▶ **Saved entries**
===============

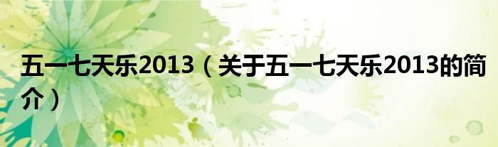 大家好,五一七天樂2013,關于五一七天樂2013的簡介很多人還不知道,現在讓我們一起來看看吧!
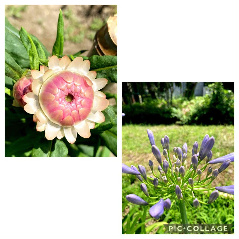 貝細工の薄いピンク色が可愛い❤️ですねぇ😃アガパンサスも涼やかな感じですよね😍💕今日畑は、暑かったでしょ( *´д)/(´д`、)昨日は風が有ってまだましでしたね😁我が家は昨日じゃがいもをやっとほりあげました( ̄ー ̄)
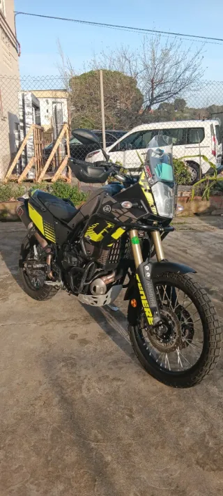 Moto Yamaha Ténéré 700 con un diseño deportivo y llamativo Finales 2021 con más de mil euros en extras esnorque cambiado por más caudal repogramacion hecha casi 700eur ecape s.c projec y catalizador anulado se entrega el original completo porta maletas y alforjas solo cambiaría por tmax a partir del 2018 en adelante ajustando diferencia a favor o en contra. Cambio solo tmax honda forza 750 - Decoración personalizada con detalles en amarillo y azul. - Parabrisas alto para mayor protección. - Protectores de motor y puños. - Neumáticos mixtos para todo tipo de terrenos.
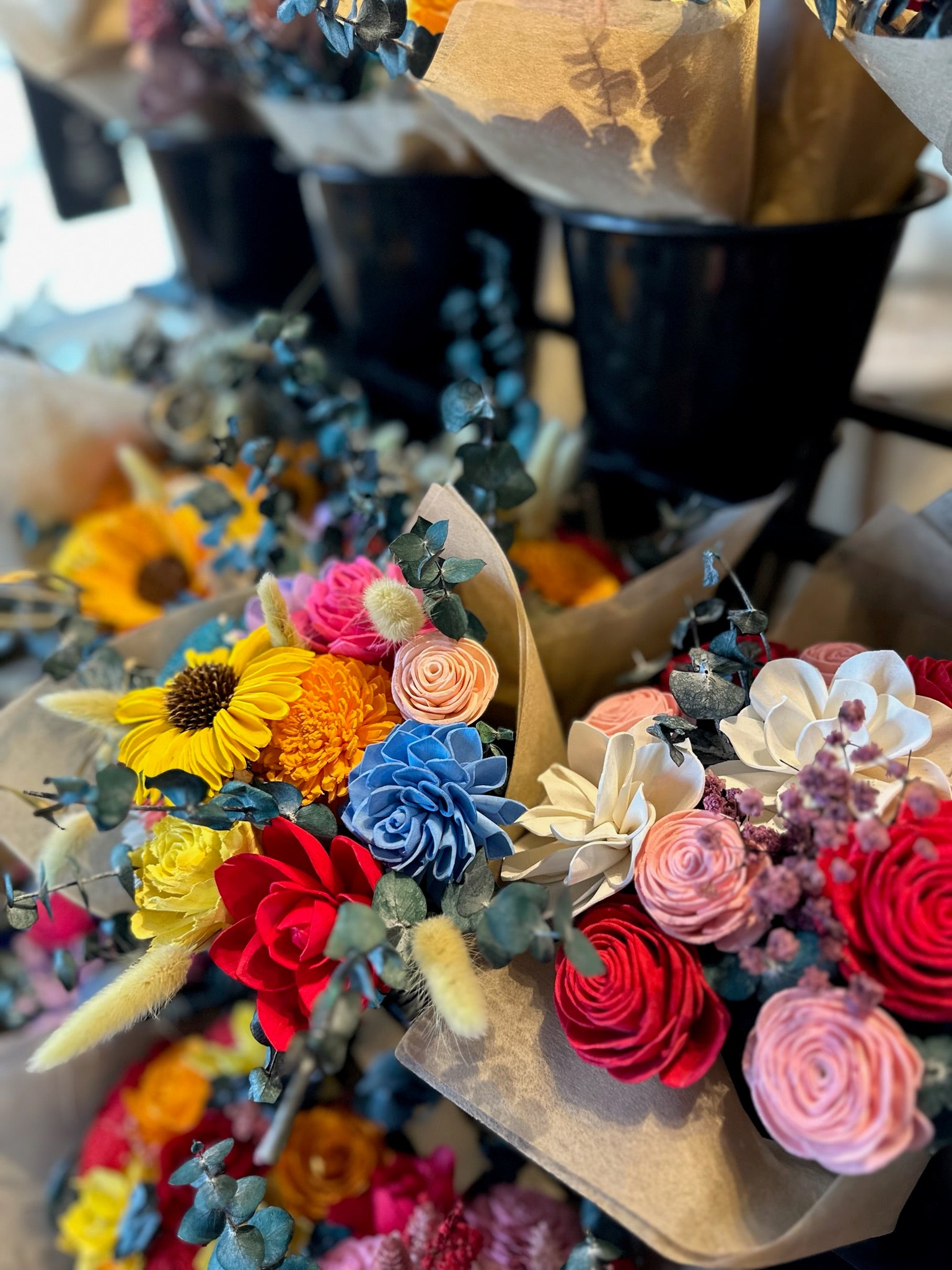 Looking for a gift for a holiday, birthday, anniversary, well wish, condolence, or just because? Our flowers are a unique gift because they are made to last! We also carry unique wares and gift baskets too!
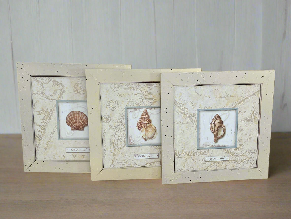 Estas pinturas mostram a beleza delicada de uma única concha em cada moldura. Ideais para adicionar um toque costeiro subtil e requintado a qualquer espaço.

===============

▶ **PROBLEM STATEMENT**
Retype the records verbatim, but not their images.

▶ **RESULT OF THIS EXERCISE**
 大家好,五一七天樂2013,關于五一七天樂2013的簡介很多人還不知道,現在讓我們一起來看看吧!
 貝細工の薄いピンク色が可愛い❤️ですねぇ😃アガパンサスも涼やかな感じですよね😍💕今日畑は、暑かったでしょ( *´д)/(´д`、)昨日は風が有ってまだましでしたね😁我が家は昨日じゃがいもをやっとほりあげました( ̄ー ̄)
 Moto Yamaha Ténéré 700 con un diseño deportivo y llamativo Finales 2021 con más de mil euros en extras esnorque cambiado por más caudal repogramacion hecha casi 700eur ecape s.c projec y catalizador anulado se entrega el original completo porta maletas y alforjas solo cambiaría por tmax a partir del 2018 en adelante ajustando diferencia a favor o en contra. Cambio solo tmax honda forza 750 - Decoración personalizada con detalles en amarillo y azul. - Parabrisas alto para mayor protección. - Protectores de motor y puños. - Neumáticos mixtos para todo tipo de terrenos.
 Looking for a gift for a holiday, birthday, anniversary, well wish, condolence, or just because? Our flowers are a unique gift because they are made to last! We also carry unique wares and gift baskets too!
 Estas pinturas mostram a beleza delicada de uma única concha em cada moldura. Ideais para adicionar um toque costeiro subtil e requintado a qualquer espaço.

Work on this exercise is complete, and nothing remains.